As patentes chamadas genéticas, envolvem a patente de genes, fragmentos de DNA, ESTs, mutações (SNPs), proteínas, etc, é um assunto controverso e de extrema importância. Recentemente (julho/2011) foi divulgada a notícia que um Tribunal dos EUA decidiu que os genes podem ser patenteados. Porém, devemos ser cuidadosos ao ler tal afirmação e entender o que realmente esta notícia representa e quais são os mecanismos de patente nos EUA (a patente de alguns genes já vem sendo realizada nos EUA há muitos anos), que são diferentes do Brasil e da Europa.

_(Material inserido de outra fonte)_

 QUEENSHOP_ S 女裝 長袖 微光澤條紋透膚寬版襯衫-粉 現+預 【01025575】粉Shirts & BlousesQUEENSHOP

A primeira pergunta importante: Por que patentar? Cientistas que trabalham em instituições públicas têm problemas devido à questão da propriedade intelectual por causa de suas restrições, o que torna a ciência mais lenta. Mas a lei da propriedade intectual protege as pesquisas de alto investimento feita por empresas privadas. As empresas são incapazes de investimentos substanciais sem proteção contra competição. Patentes garantem o direito de excluírem outros de fazerem, usarem e venderem sua invenção por um tempo limitado. As patentes devem facilitar a transferência de tecnologia do setor privado e no geral são consideradas positivas. Mas as patentes genéticas não são vistas como positivas por todos.

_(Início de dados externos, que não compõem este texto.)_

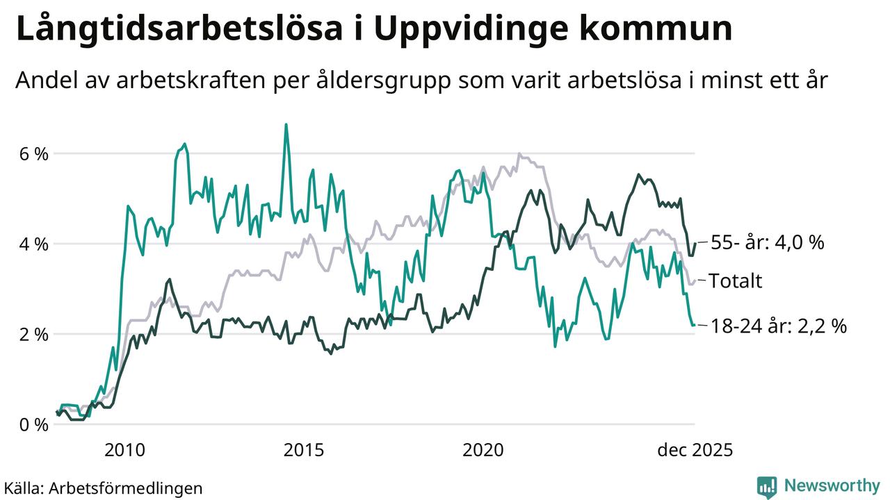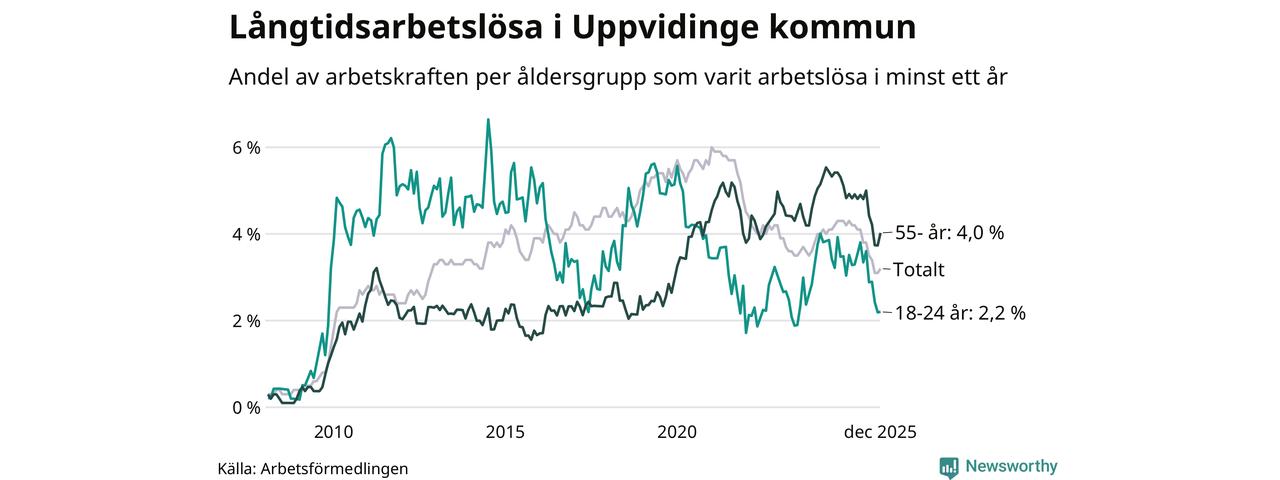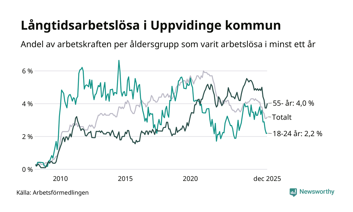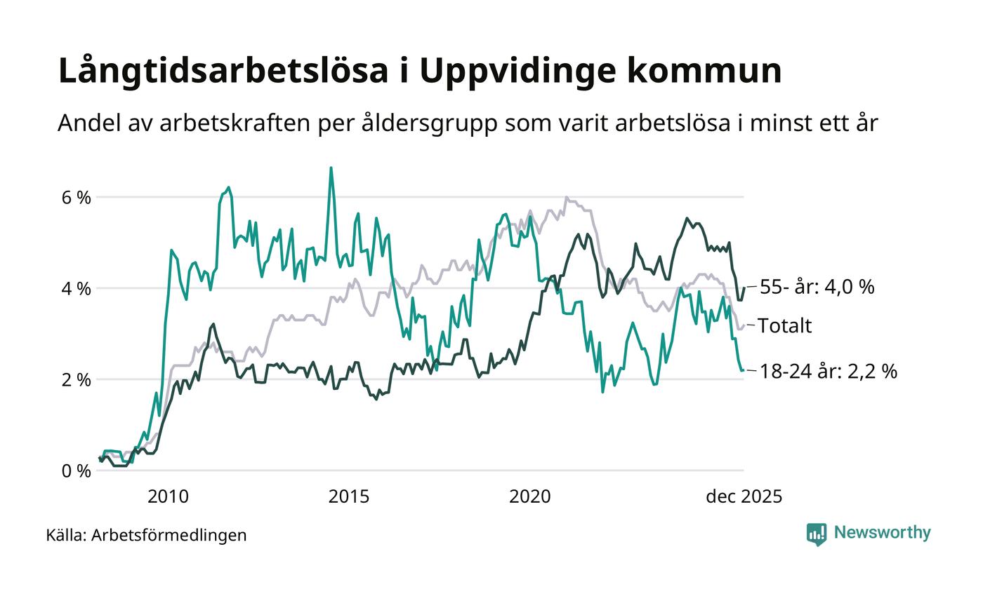 I december hade 136 Uppvidingebor varit arbetslösa i minst ett år, vilket är fem fler än månaden innan. 136 personer motsvarar 3,2 procent av arbetskraften i kommunen – andelen långtidsarbetslösa är 1 procentenheter lägre än samma månad för ett år sedan.
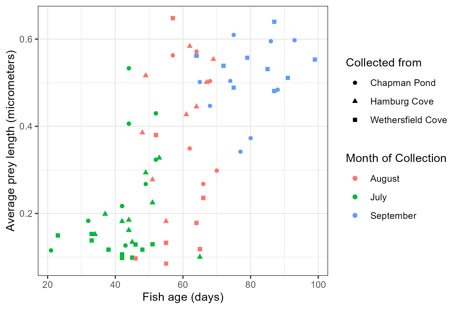 labs(x = "Fish age (days)", y = "Average prey length (micrometers)",

Patentes de genes isolados são a pedra fundamental da indústria de biotecnologia. Os críticos dizem que é antiético patentear algo que é parte do corpo humano ou do mundo natural. Alguns dizem também que o custo do teste poderia ser reduzido se as empresas não detivessem monopólios de testes em razão de patentes. A “patenteabilidade” das invenções sob as leis americanas são determinadas pelo “Patent and Trademark Office (USPTO)”. Um pedido de patente é julgado pelos seguintes critérios: a invenção deve ser útil num sentido prático, inédita, não óbvia e deve também ser descrita em detalhes. Produtos de DNA são apenas patenteados quando tiverem sido isolados, purificados ou modificados para produzirem de forma única, não encontrada na natureza. A USPTO tem 3 anos para avaliar uma patente. Na Europa, são 18 meses. Patentes no geral são válidas por 20 anos.
Governos, legisladores e tribunais americanos em geral adotam uma postura liberal em relação à comercialização de novas biotecnologias. Na Europa, há enorme controvérsia. A França, que baniu as patentes de genes, está batalhando contra uma diretiva da própria Comunidade Européia, que é a favor. No Brasil os genes humanos não são patenteáveis de acordo com o Art. 18 da Lei de Patentes Brasileira em vigor. Nela, é vedada a concessão de patentes e, portanto, exclusividade a quem quer que seja, para qualquer parte dos seres vivos.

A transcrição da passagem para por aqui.